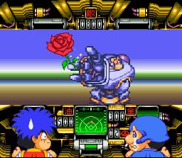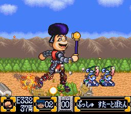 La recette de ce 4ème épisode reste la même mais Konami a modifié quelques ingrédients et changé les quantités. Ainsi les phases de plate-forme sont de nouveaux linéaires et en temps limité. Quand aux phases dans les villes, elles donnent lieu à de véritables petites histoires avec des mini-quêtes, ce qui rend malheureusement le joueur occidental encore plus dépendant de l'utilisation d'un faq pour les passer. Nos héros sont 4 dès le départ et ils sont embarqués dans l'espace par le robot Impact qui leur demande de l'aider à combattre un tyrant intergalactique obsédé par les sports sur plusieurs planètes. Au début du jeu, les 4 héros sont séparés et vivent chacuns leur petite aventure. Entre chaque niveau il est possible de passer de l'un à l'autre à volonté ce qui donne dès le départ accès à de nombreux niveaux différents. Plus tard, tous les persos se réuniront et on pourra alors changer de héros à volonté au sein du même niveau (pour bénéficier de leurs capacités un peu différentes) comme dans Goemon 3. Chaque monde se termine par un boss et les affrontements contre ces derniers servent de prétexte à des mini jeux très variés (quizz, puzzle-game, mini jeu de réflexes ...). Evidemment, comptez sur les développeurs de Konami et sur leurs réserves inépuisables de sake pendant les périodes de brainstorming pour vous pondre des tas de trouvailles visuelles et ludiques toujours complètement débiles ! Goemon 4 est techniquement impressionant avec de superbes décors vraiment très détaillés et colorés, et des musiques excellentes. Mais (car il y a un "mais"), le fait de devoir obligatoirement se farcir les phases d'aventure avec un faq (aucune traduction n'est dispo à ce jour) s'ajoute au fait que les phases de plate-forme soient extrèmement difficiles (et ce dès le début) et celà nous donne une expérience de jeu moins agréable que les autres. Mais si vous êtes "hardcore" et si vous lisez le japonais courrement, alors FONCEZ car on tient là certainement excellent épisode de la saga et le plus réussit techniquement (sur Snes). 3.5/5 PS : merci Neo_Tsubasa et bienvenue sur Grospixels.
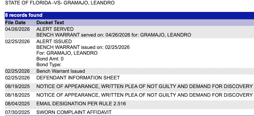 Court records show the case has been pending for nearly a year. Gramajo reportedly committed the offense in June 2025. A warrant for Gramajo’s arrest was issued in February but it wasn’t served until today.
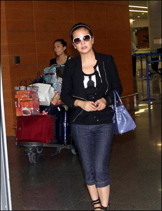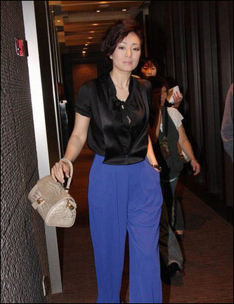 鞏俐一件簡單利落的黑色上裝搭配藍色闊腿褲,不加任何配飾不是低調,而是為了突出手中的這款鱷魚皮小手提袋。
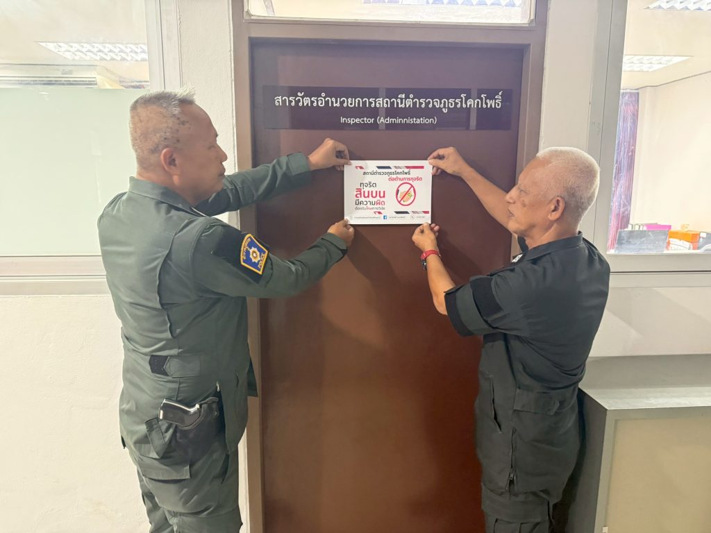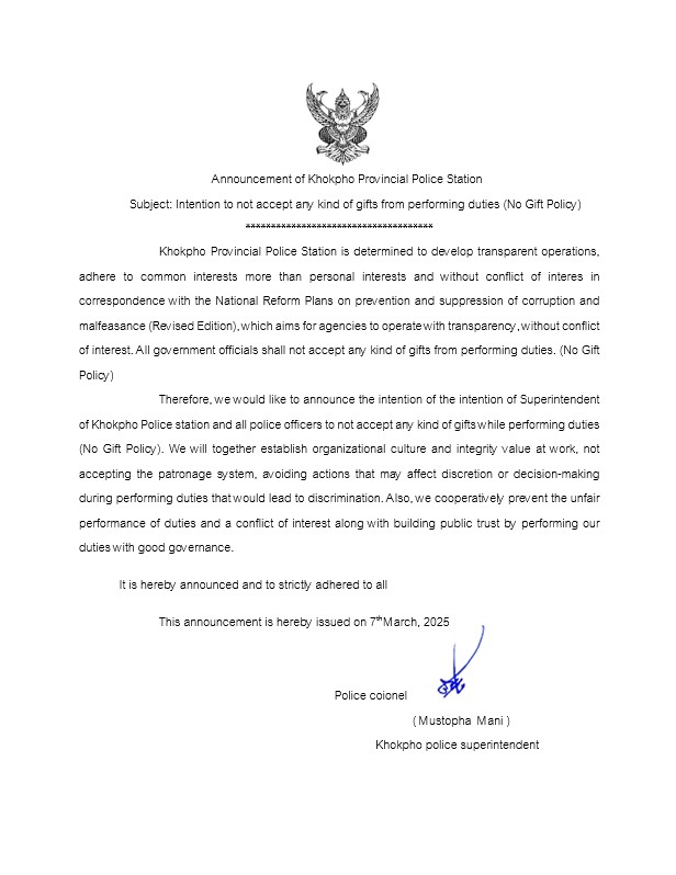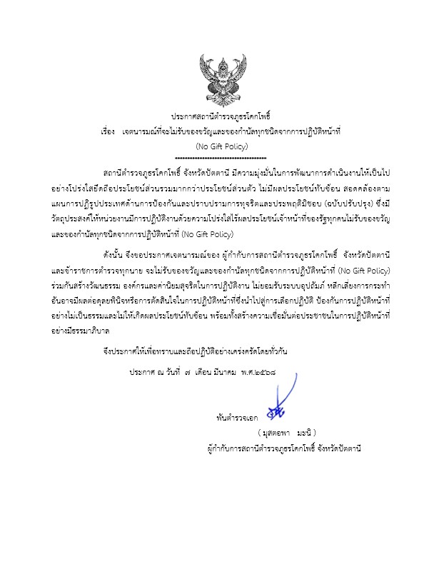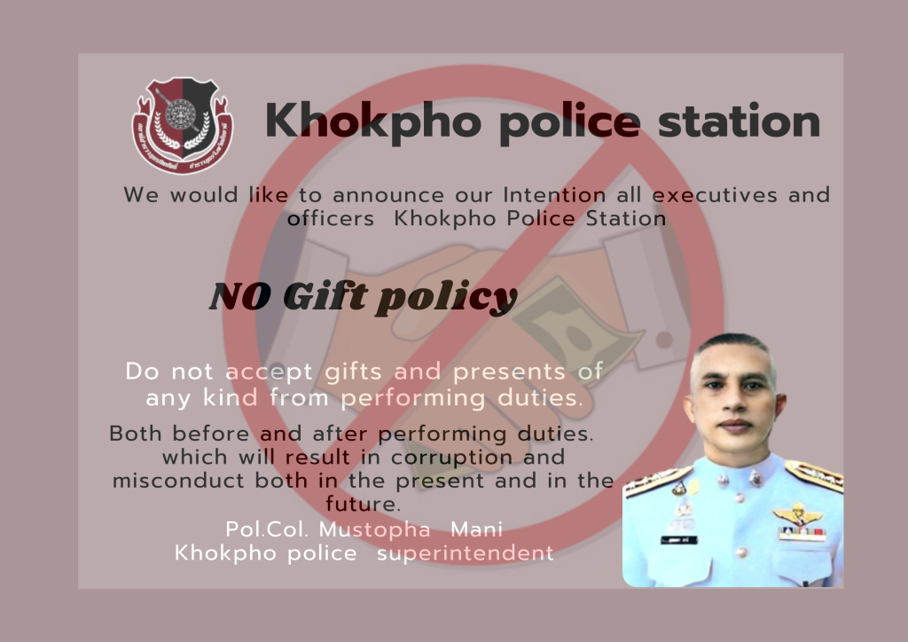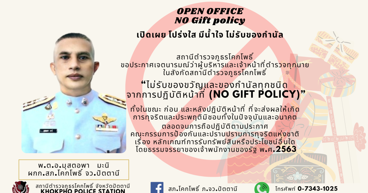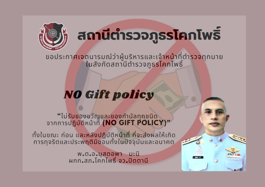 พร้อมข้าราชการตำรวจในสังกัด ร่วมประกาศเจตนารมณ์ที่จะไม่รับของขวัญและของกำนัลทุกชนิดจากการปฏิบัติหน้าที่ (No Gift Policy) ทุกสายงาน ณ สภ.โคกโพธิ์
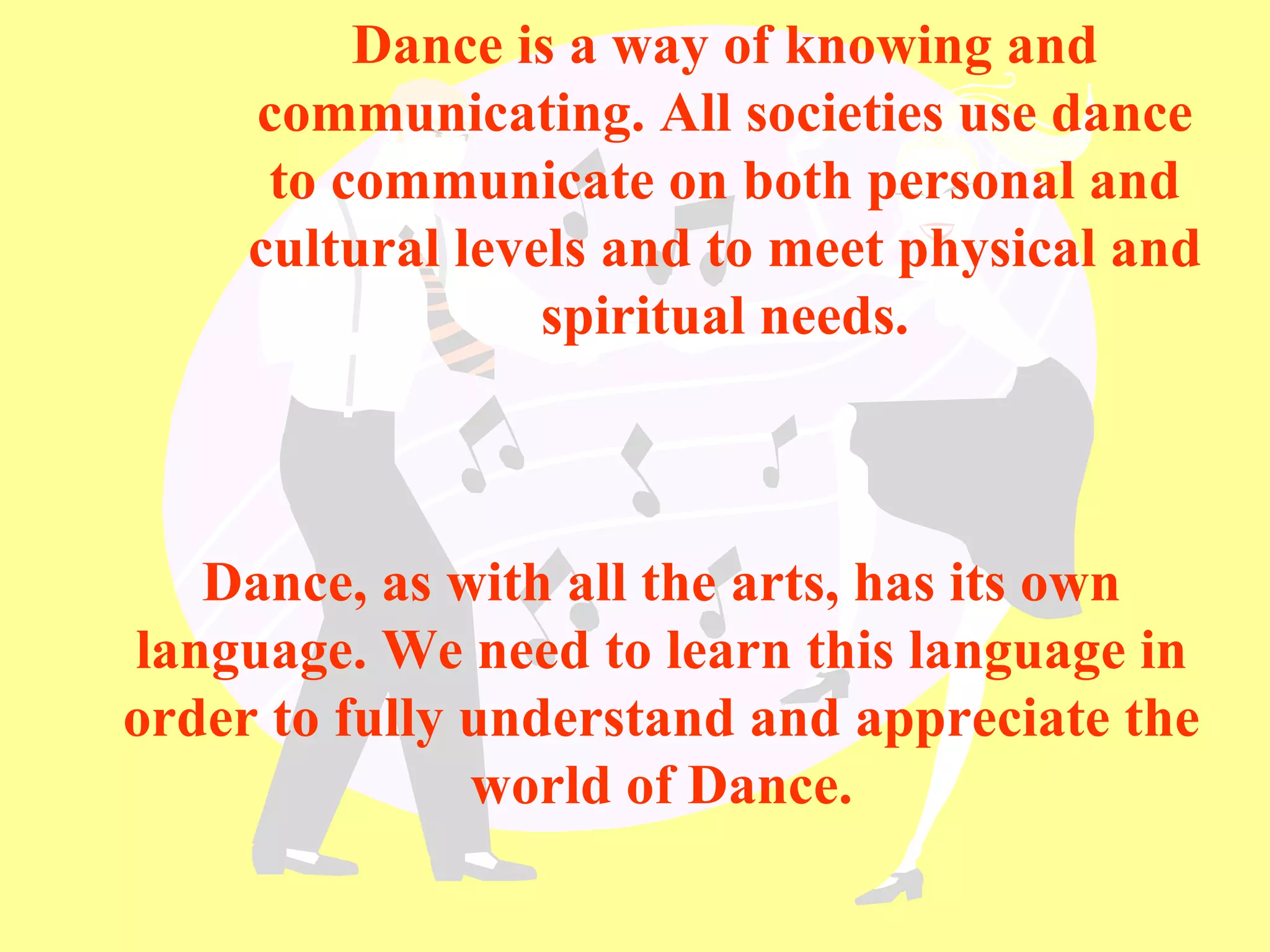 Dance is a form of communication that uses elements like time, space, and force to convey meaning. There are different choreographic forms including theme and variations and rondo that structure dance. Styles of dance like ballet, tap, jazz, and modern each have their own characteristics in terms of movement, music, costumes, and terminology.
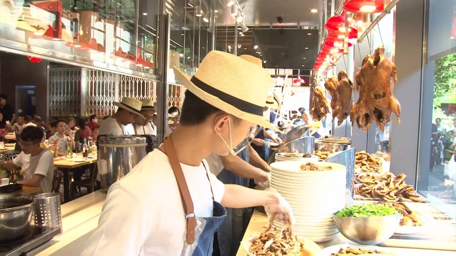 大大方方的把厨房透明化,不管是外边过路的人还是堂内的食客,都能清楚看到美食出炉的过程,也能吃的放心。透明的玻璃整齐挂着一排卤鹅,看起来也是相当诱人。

Prompt -
Each entry above is to be duplicated exactly, and its pictures omitted.

Answer to this problem -
 La recette de ce 4ème épisode reste la même mais Konami a modifié quelques ingrédients et changé les quantités. Ainsi les phases de plate-forme sont de nouveaux linéaires et en temps limité. Quand aux phases dans les villes, elles donnent lieu à de véritables petites histoires avec des mini-quêtes, ce qui rend malheureusement le joueur occidental encore plus dépendant de l'utilisation d'un faq pour les passer. Nos héros sont 4 dès le départ et ils sont embarqués dans l'espace par le robot Impact qui leur demande de l'aider à combattre un tyrant intergalactique obsédé par les sports sur plusieurs planètes. Au début du jeu, les 4 héros sont séparés et vivent chacuns leur petite aventure. Entre chaque niveau il est possible de passer de l'un à l'autre à volonté ce qui donne dès le départ accès à de nombreux niveaux différents. Plus tard, tous les persos se réuniront et on pourra alors changer de héros à volonté au sein du même niveau (pour bénéficier de leurs capacités un peu différentes) comme dans Goemon 3. Chaque monde se termine par un boss et les affrontements contre ces derniers servent de prétexte à des mini jeux très variés (quizz, puzzle-game, mini jeu de réflexes ...). Evidemment, comptez sur les développeurs de Konami et sur leurs réserves inépuisables de sake pendant les périodes de brainstorming pour vous pondre des tas de trouvailles visuelles et ludiques toujours complètement débiles ! Goemon 4 est techniquement impressionant avec de superbes décors vraiment très détaillés et colorés, et des musiques excellentes. Mais (car il y a un "mais"), le fait de devoir obligatoirement se farcir les phases d'aventure avec un faq (aucune traduction n'est dispo à ce jour) s'ajoute au fait que les phases de plate-forme soient extrèmement difficiles (et ce dès le début) et celà nous donne une expérience de jeu moins agréable que les autres. Mais si vous êtes "hardcore" et si vous lisez le japonais courrement, alors FONCEZ car on tient là certainement excellent épisode de la saga et le plus réussit techniquement (sur Snes). 3.5/5 PS : merci Neo_Tsubasa et bienvenue sur Grospixels.
 Court records show the case has been pending for nearly a year. Gramajo reportedly committed the offense in June 2025. A warrant for Gramajo’s arrest was issued in February but it wasn’t served until today.
 鞏俐一件簡單利落的黑色上裝搭配藍色闊腿褲,不加任何配飾不是低調,而是為了突出手中的這款鱷魚皮小手提袋。
 พร้อมข้าราชการตำรวจในสังกัด ร่วมประกาศเจตนารมณ์ที่จะไม่รับของขวัญและของกำนัลทุกชนิดจากการปฏิบัติหน้าที่ (No Gift Policy) ทุกสายงาน ณ สภ.โคกโพธิ์
 Dance is a form of communication that uses elements like time, space, and force to convey meaning. There are different choreographic forms including theme and variations and rondo that structure dance. Styles of dance like ballet, tap, jazz, and modern each have their own characteristics in terms of movement, music, costumes, and terminology.
 大大方方的把厨房透明化,不管是外边过路的人还是堂内的食客,都能清楚看到美食出炉的过程,也能吃的放心。透明的玻璃整齐挂着一排卤鹅,看起来也是相当诱人。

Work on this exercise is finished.